▶ Exercise material
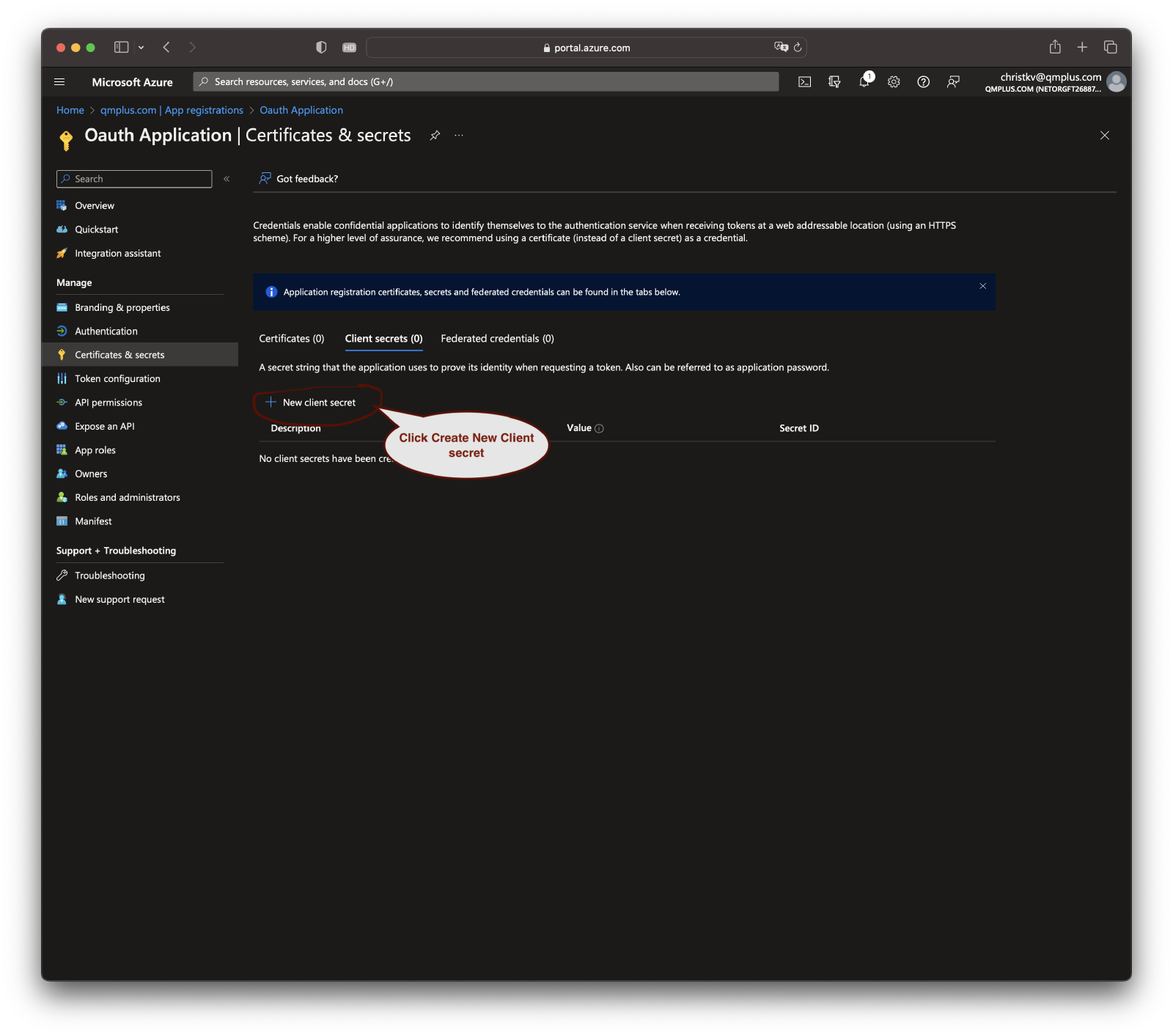 In the left-hand menu of your application dashboard, look for the “Certificates & secrets” link and click on it. Then, click on the “New client secret” button.
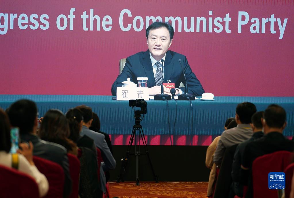 10月21日,中國共產(chǎn)黨第二十次全國代表大會(huì)新聞中心舉行記者招待會(huì)。生態(tài)環(huán)境部黨組成員、副部長翟青圍繞“建設(shè)人與自然和諧共生的美麗中國”主題與記者交流。新華社記者 賈浩成 攝
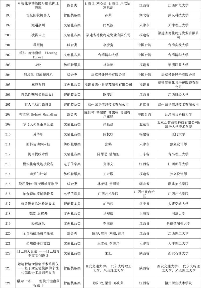 经专家初评,评选出产品组、概念组两个组别初评入围作品各300件,共计600件作品,其中大陆初评入围作品495件,港澳台初评入围作品76件,国外初评入围作品29件,初评入围作品覆盖46个国家或地区。
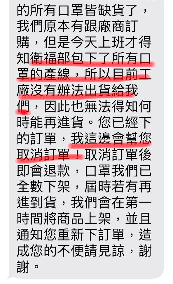 不過經濟部全數徵用口罩,雖然看起來好像紓解了「口罩之亂」,但這些措施也讓原本訂購口罩的消費者「買不到口罩」,不是延後出貨,就是訂單被取消,使得已經有訂購的消費者反而買不到口罩。
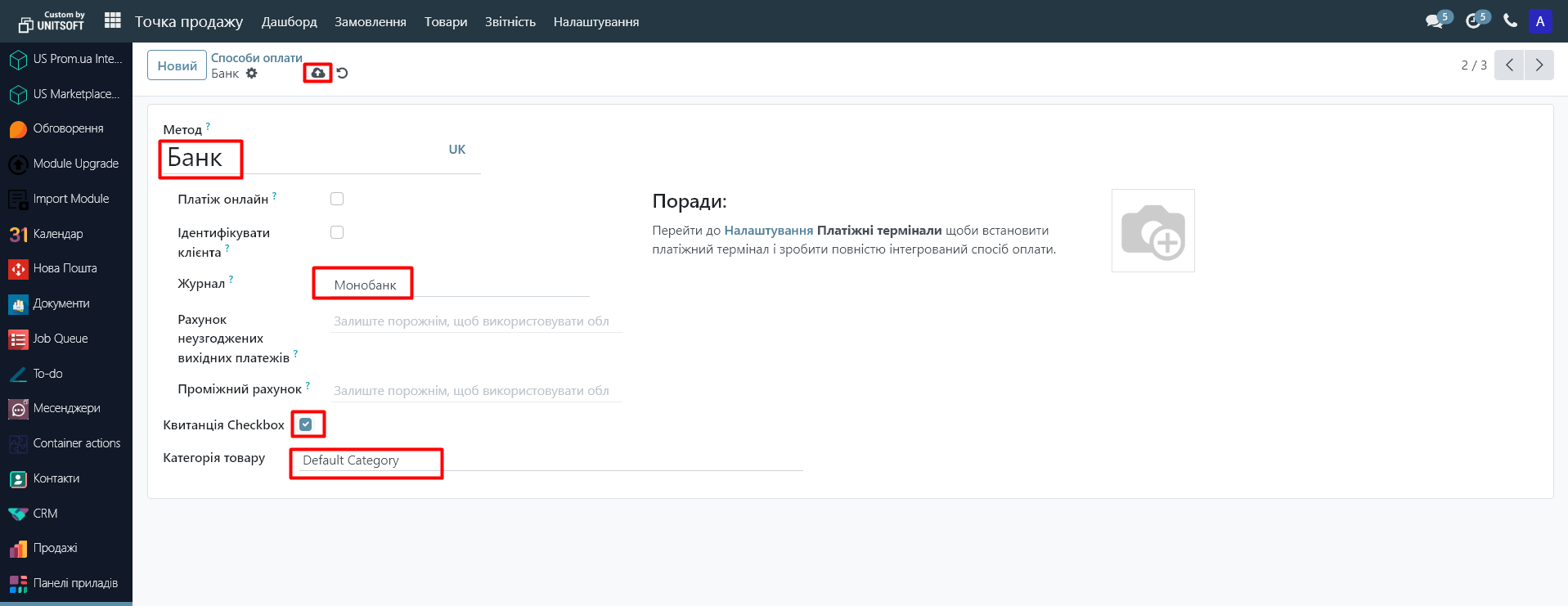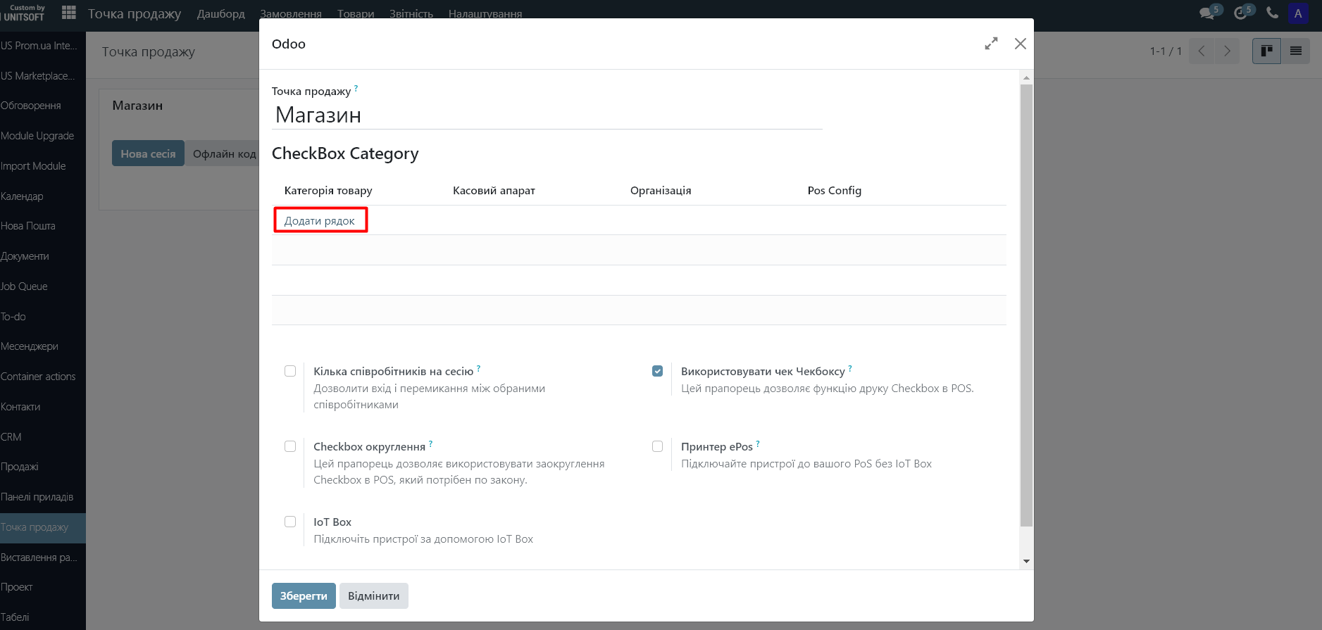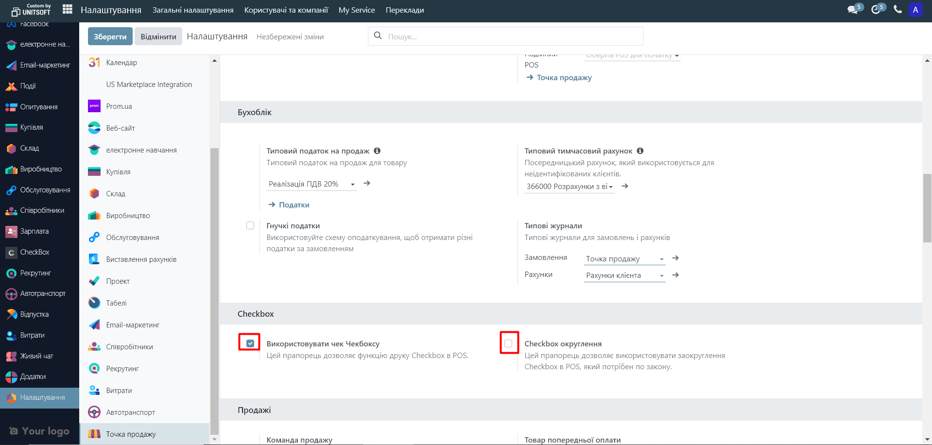 Тепер потрібно зробити окремі налаштування для точки продажу, щоб використовувати в ній функціонал Чекбоксу.
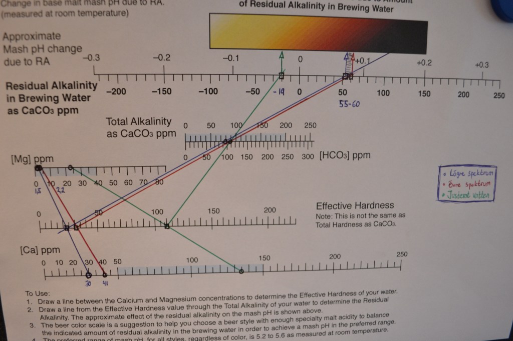 Nomogrammet ger en snabb och översiktlig bild för vattnet, där mitt RA-värde landar på 55-60, röd och blå linje. Den gröna linjen visar även mitt justerade vatten (nedan). Palmer tillhandahåller även excelbaserade kalkylblad för mer exakt uträkning av såväl befintligt vatten som justerat. Det finns såklart bryggprogram som gör detta också.
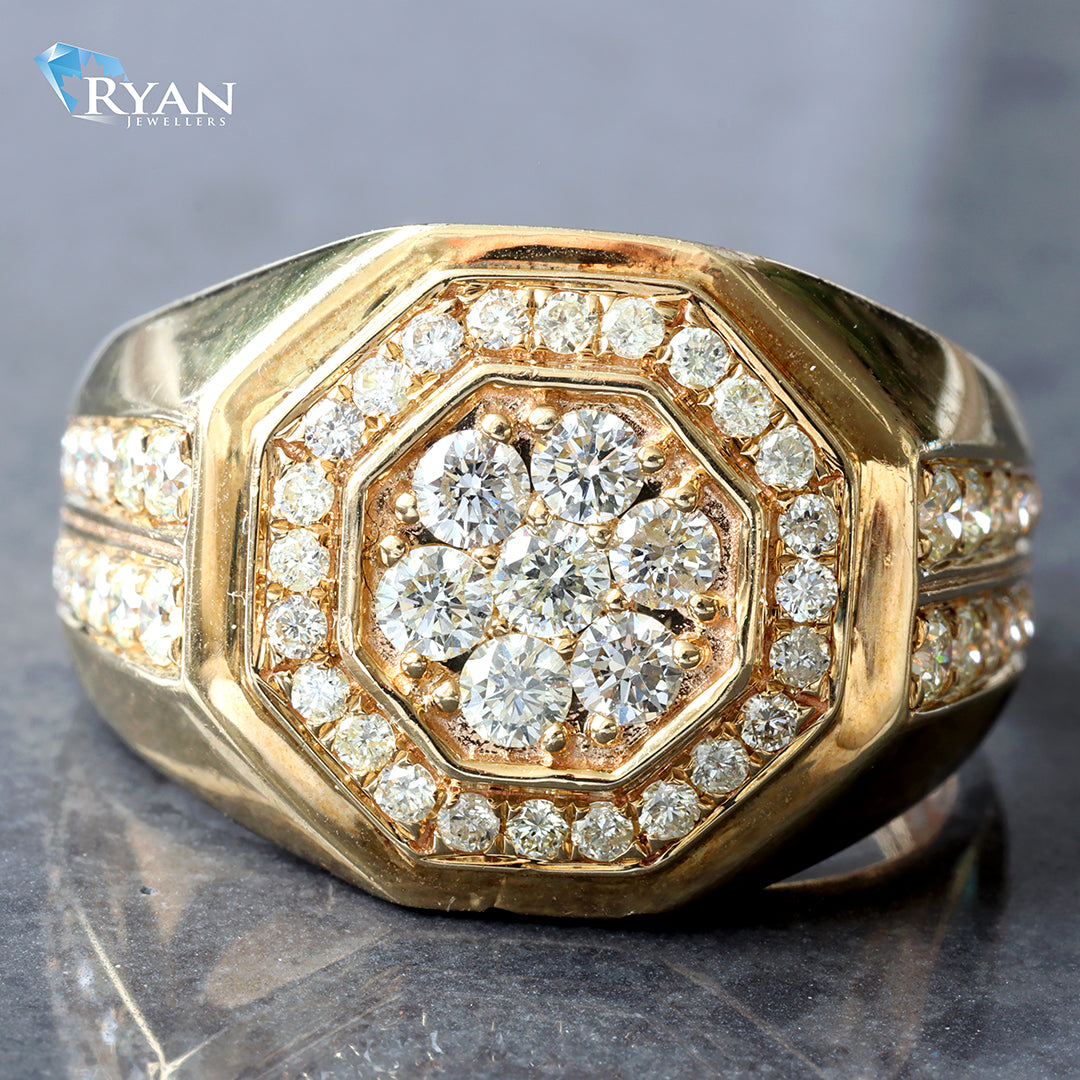 RING GY 10K 1.33CTW FLOWER CLUSTER OCTAGON HALO TWO ROW PRONG SET SHOULDERS

▶ What this task involves
No image belongs in the copy. Transcribe the full listing verbatim.

▶ Exercise output
 In the left-hand menu of your application dashboard, look for the “Certificates & secrets” link and click on it. Then, click on the “New client secret” button.
 10月21日,中國共產(chǎn)黨第二十次全國代表大會(huì)新聞中心舉行記者招待會(huì)。生態(tài)環(huán)境部黨組成員、副部長翟青圍繞“建設(shè)人與自然和諧共生的美麗中國”主題與記者交流。新華社記者 賈浩成 攝
 经专家初评,评选出产品组、概念组两个组别初评入围作品各300件,共计600件作品,其中大陆初评入围作品495件,港澳台初评入围作品76件,国外初评入围作品29件,初评入围作品覆盖46个国家或地区。
 不過經濟部全數徵用口罩,雖然看起來好像紓解了「口罩之亂」,但這些措施也讓原本訂購口罩的消費者「買不到口罩」,不是延後出貨,就是訂單被取消,使得已經有訂購的消費者反而買不到口罩。
 Тепер потрібно зробити окремі налаштування для точки продажу, щоб використовувати в ній функціонал Чекбоксу.
 Nomogrammet ger en snabb och översiktlig bild för vattnet, där mitt RA-värde landar på 55-60, röd och blå linje. Den gröna linjen visar även mitt justerade vatten (nedan). Palmer tillhandahåller även excelbaserade kalkylblad för mer exakt uträkning av såväl befintligt vatten som justerat. Det finns såklart bryggprogram som gör detta också.
 RING GY 10K 1.33CTW FLOWER CLUSTER OCTAGON HALO TWO ROW PRONG SET SHOULDERS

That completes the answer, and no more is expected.